Thanks, I have left it warming the buffer pool/replicating, tomorrow I will create a backup to touch all memory space.
@jcrespo maybe we can leave a mydumper running 24x7 on a loop for days on that host: dumping everything, deleting the backups file, dump everyting and so forth.
I am creating a snapshot right now for testing purposes, will run a dumping process next.
@Cmjohnson db1114 crashed again with the same memory errors on the same slots, so it looks like the mainboard memory slots aren't healthy?
Record: 1 Date/Time: 02/21/2019 19:30:12 Source: system Severity: Ok Description: Log cleared. ------------------------------------------------------------------------------- Record: 2 Date/Time: 02/23/2019 21:25:36 Source: system Severity: Non-Critical Description: Correctable memory error rate exceeded for DIMM_B7. ------------------------------------------------------------------------------- Record: 3 Date/Time: 02/23/2019 21:25:37 Source: system Severity: Non-Critical Description: Correctable memory error rate exceeded for DIMM_B3. ------------------------------------------------------------------------------- Record: 4 Date/Time: 02/23/2019 21:25:58 Source: system Severity: Critical Description: Correctable memory error rate exceeded for DIMM_B7. -------------------------------------------------------------------------------
It crashed again in less than 30 minutes after generating load:
2019-02-24T13:07:00-0600 USR0030 Successfully logged in using root, from 10.64.32.25 and GUI. 2019-02-24T12:29:47-0600 UEFI0081 Memory size has changed from the last time the system was started. 2019-02-24T12:29:47-0600 LOG007 The previous log entry was repeated 1 times. 2019-02-24T12:29:47-0600 UEFI0107 One or more memory errors have occurred on memory slot: B3. 2019-02-24T12:29:41-0600 MEM0001 Multi-bit memory errors detected on a memory device at location(s) DIMM_B3. 2019-02-24T12:29:41-0600 PST0091 A problem was detected in Memory Reference Code (MRC). 2019-02-24T12:29:40-0600 MEM0001 Multi-bit memory errors detected on a memory device at location(s) DIMM_B3. 2019-02-24T12:29:35-0600 UEFI0058 An uncorrectable Memory Error has occurred because a Dual Inline Memory Module (DIMM) is not functioning. 2019-02-24T12:29:35-0600 PST0091 A problem was detected in Memory Reference Code (MRC). 2019-02-24T12:28:26-0600 SYS1003 System CPU Resetting. 2019-02-24T12:28:26-0600 RAC0703 Requested system hardreset. 2019-02-24T12:28:26-0600 SYS1003 System CPU Resetting. 2019-02-24T12:28:25-0600 PWR2262 The Intel Management Engine has reported an internal system error. 2019-02-24T12:28:25-0600 CPU0000 Internal error has occurred check for additional logs. 2019-02-24T12:28:22-0600 PWR2262 The Intel Management Engine has reported an internal system error. 2019-02-24T12:27:58-0600 USR0032 The session for root from 10.64.32.25 using GUI is logged off.

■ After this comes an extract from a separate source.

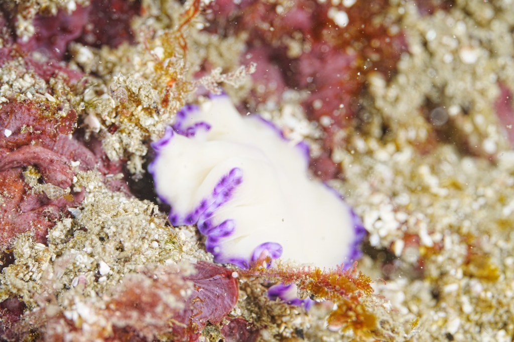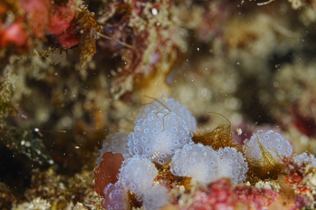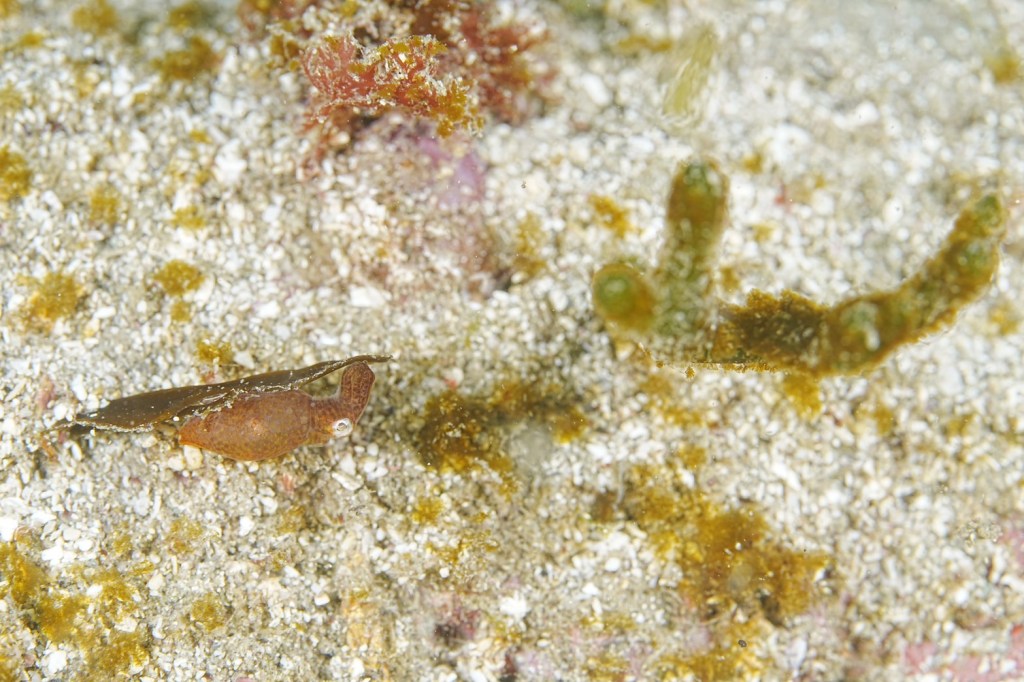 カツウラニセツノヒラムシ。その横は、キノコボヤ。これを捕食するのでみれるときは捕食シーンも見れちゃいます。

This will most like need a new motherboard. I requested one through Dell
You have successfully submitted request SR986942076.
@Cmjohnson remember this host has MySQL down already, so you can just power it off yourself whenever you are ready for the mainboard replacement.
Thanks
Mentioned in SAL (#wikimedia-operations) [2019-02-28T15:15:42Z] <cmjohnson1> powering off db1114 to replace motherboard T214720
the motherboard has been replaced, the idrac and bios have been updated to latest version. resolving task, reopen if there are any problems.

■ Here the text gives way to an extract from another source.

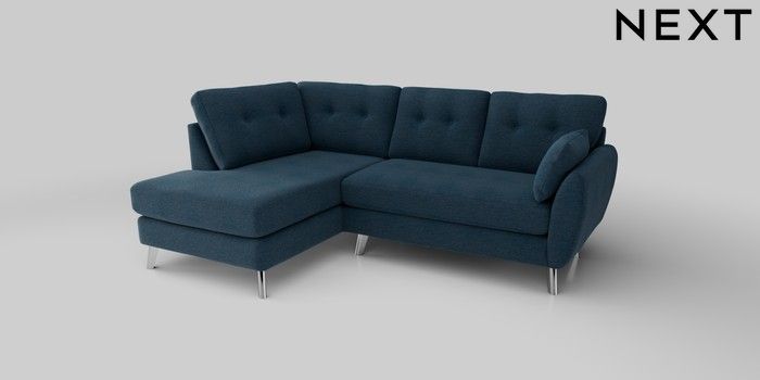 6.12.1 Buy Wilson Buttoned Back Medium Corner Chaise - Left Hand Ripple Chenille Dark Blue Metal Tapered - Chrome from the Next UK online shop Click here to use our accessible website

@Marostegui I've chosen not to reimage the server because this is right now a backup testing one, I think it is ok if currently doesn't have the right enwiki data. Feel free to use it for dump testing. I have put it up, caught up replication, and started a backup process in a loop (on a screen session) to check it doesn't go down again, like in T214720#4978949
If you recover a snapshot to it, remember to kill the screen first.
No problem! let's leave the loop there for a few days to see if it crashes
Thank you!
Hi,
@Cmjohnson The remote IPMI password was out of sync. Just mentioning to add it on the to do list for motherboard changes (this and reviewing the boot order, which you did, thank you!). Not a huge issue, just a heads up to prevent people from bothering you (I was able to correct it from localhost).